Although the belt transmission mechanism of the present invention is constituted by a toothed belt, it may be constituted by a toothless rubber belt or a belt having another shape, and is not limited to the belt, but may be another endless flexible member (for example, a belt). Similar effects can be obtained even with a chain).

[0022]

As described above, according to the present invention, between the drive side pulley and the driven side pulley, a plurality of idler pulleys are provided at positions sandwiching the belt from the winding outer circumference of the belt, and the tension of the belt is reduced. I try to move according to changes. For this reason, the tension is automatically adjusted so that the difference between the tension side and the slack side of the tension acting on the belt is always small, so that it is possible to realize a small belt transmission mechanism with little loss of conduction torque. Its practical effect is great.

[Brief description of drawings]

FIG. 1 is a top view (during clockwise rotation) of a belt transmission mechanism according to an embodiment of the present invention.

FIG. 2 is a top view (when rotation is stopped) of the belt transmission mechanism in the present embodiment.

FIG. 3 is a top view (during counterclockwise rotation) of the belt transmission mechanism in the present embodiment.

FIG. 4 is a side view of a belt transmission mechanism according to this embodiment.

FIG. 5 is a top view of a belt transmission mechanism according to another embodiment of the present invention.

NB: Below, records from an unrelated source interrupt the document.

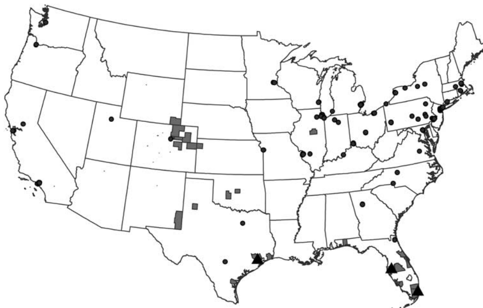
Former Lead Smelting Sites at High (Triangles) and Low (Circles) Risk for Tornado Exposure.

Tornado high-risk areas are shaded. Overlapping location markers indicate multiple sites within the same city.
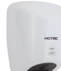
11.242.W finish: cast iron White
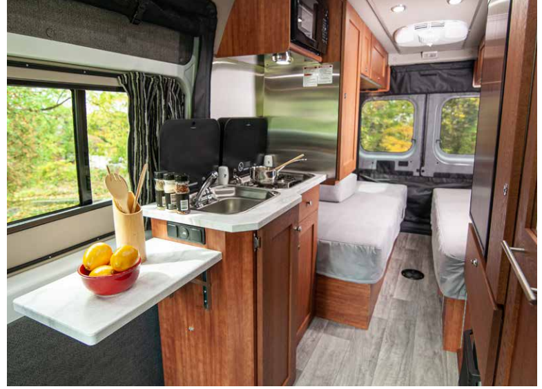
Open aisle floor plan allows for flexibility in sleeping accommodations and storage of large items.
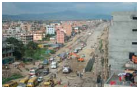
The Kathmandu-Bhaktapur road project

Running any urban projects especially roads entail various challenges. One of the first challenges when the project started was the relocation of utilities. This was not an easy task as Kathmandu is an old city and these utilities were first laid in an unplanned manner. Relocating them while still maintaining the continuation of services provided by these utilities to the locals was quite difficult. In addition to this, the relocation of trolley poles proved to be tricky as many parties and line agencies were involved. Various other daily challenges included managing the heavy traffic during construction phase in a smooth manner, traffic accidents resulting mainly due to poor traffic ethics and its violations, environmental issues such as dust pollution, damages to the utilities caused due to the construction
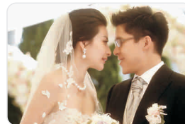
Live Wedding Broadcasting
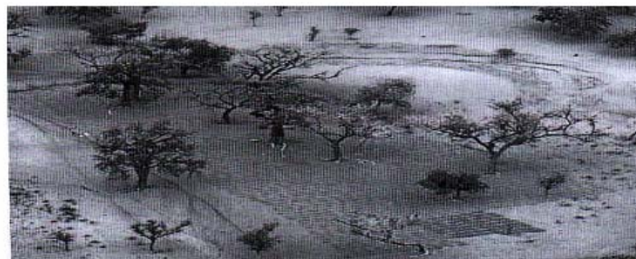
Plate 5. Agricultural plot, shaded by trees, in the Dogon Region, Mali

FIG. 6 is a side view of a belt transmission mechanism according to another embodiment.

FIG. 7 is a top view of a conventional belt transmission mechanism.

FIG. 8 is a side view of a conventional belt transmission mechanism.

FIG. 9 is a partially enlarged view of a conventional belt transmission mechanism.

[Explanation of symbols]

 1 Drive Pulley 2 Capstan Rotor 3 Rotor Shaft 4 Driven Pulley 5 Chassis 6 Belt 7 Center Gear 8 Swing Lever 8a, 8b Support Arm 9a, 9b Pendulum Gear 12 Friction Plate 13 Clutch Spring 14 Idler Pulley 21, 31 Pulley Lever 22 , 32a 33a Shaft 23 32 Left idler pulley 24 33 Right idler pulley 34 Guide

Claims (1)

[Claims] 1. A drive-side pulley that is directly connected to a drive source that rotates in a forward or reverse direction, a driven-side pulley that applies a rotational force to a load, a belt that is wound around the driven-side pulley and the drive-side pulley, Between the drive-side pulley and the driven-side pulley, a plurality of idler pulleys that are rotatably provided at positions that press the belt from the outer circumference of the belt, and rotatably support the plurality of idler pulleys. And a support member that moves according to a change in the tension of the belt, the belt transmission mechanism.